1) You may nominate up to THREE photos, no more.

2) Please include the name of the photo and the name of the photographer.

3) You may nominate any photo posted during the month of April in the galleries.  Photo must have been taken by the poster.  

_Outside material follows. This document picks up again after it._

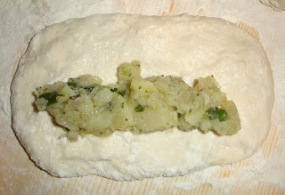 Σε ένα τηγάνι στη φωτιά βάζουμε 5 κουταλιές της σούπας ελαιόλαδο, ρίχνουμε το κρεμμύδι και το δυόσμο ψιλοκομμένο και μόλις πάρουν χρυσαφένιο χρώμα προσθέτουμε την πατάτα με αλάτι και πιπέρι. Ανακατεύουμε μερικές φορές να ενωθούν καλά τα υλικά, αποσύρουμε από τη φωτιά και αφήνουμε τη γέμιση να κρυώσει.

4) If someone else has already nominated a photo, please do not nominate it again. It makes it very confusing when it's time to make the voting thread. If a photo is nominated twice, your post may be edited or deleted. Thanks for understanding!

Have fun!


----------



## Mansi (Apr 3, 2006)

*Randog's 'Puddle Earth'* it's been rockin my 'earth' since i saw it!  :mrgreen:


----------



## Mansi (Apr 3, 2006)

*:heart: 'The hand that feeds' by Chiller *


----------



## JTHphoto (Apr 5, 2006)

Chiller must be on a roll this month...  

_Back Door_ by *Chiller*


----------



## Chiller (Apr 6, 2006)

Work Work Work (aka...a blue jay chuckin a seed)..by Airic






ps..thanks sooo much Mansi, and JTH , for the nominations.  I appreciate it.


----------



## Randog (Apr 7, 2006)

*1984 - Freedom is Slavery...by Mohain* 






_ps..I also thank Mansi for her Surprising nomination. Thank-you!_


----------



## JonK (Apr 7, 2006)

*PARK BENCH* by tuna


----------



## MommyOf4Boys (Apr 7, 2006)

"Normal Stuff - Baseball" by Nakedyak







"What Do You See?" by ClarinetJWD







"The Magic Bullet" by digitalstudio


----------



## JohnMF (Apr 7, 2006)

Chiller: (the Vault) Tuba player from the Santa Clause parade


----------



## WNK (Apr 8, 2006)

Suburbia by Digital Matt


----------



## Randog (Apr 8, 2006)

*Wait Here by Joeri*


----------



## duncanp (Apr 8, 2006)

*1st Nomination: Unamed by Nitefly:*​


----------



## digitalstudio (Apr 10, 2006)

Thanks sooo much for the nomination!!!!
Im flattered!!


----------



## woodsac (Apr 10, 2006)

*Wish you were here...by Archangel





*


----------



## digitalstudio (Apr 11, 2006)

I would like to nominate chiller. 





"Bathing in the sun, eating nuts"


----------



## Corry (Apr 11, 2006)

The Metro, By ClarinetJWD 







A Bench in Montesero (gotta check the spelling on that  ) by Unimaxium


----------



## WNK (Apr 14, 2006)

Second nomination:
Hail Maker by wxnut


----------



## Randog (Apr 15, 2006)

My final nomination:
*On the bridge by Joeri*


----------



## JonK (Apr 16, 2006)

good choice randog :thumbup:


----------



## Jeff Canes (Apr 17, 2006)

Sabba Store by LaFoto 





Green Window Shutters By Unimaxium






Lincoln by Hobbes28


----------



## clarinetJWD (Apr 17, 2006)

Thank you Corry and Sara for your nominations 

You're too kind


----------



## hobbes28 (Apr 19, 2006)

Wow.  I think that's my first nomination.   Thanks Jeff.


----------



## danalec99 (Apr 22, 2006)

1. Shadows,_ by Unimaximum_






2. Untitled,_ by clarinetJWD_





3. Lincoln,_ by hobbes28_


----------



## JTHphoto (Apr 28, 2006)

wow, some great photos in here... i'm not looking forward to having to pick just one! 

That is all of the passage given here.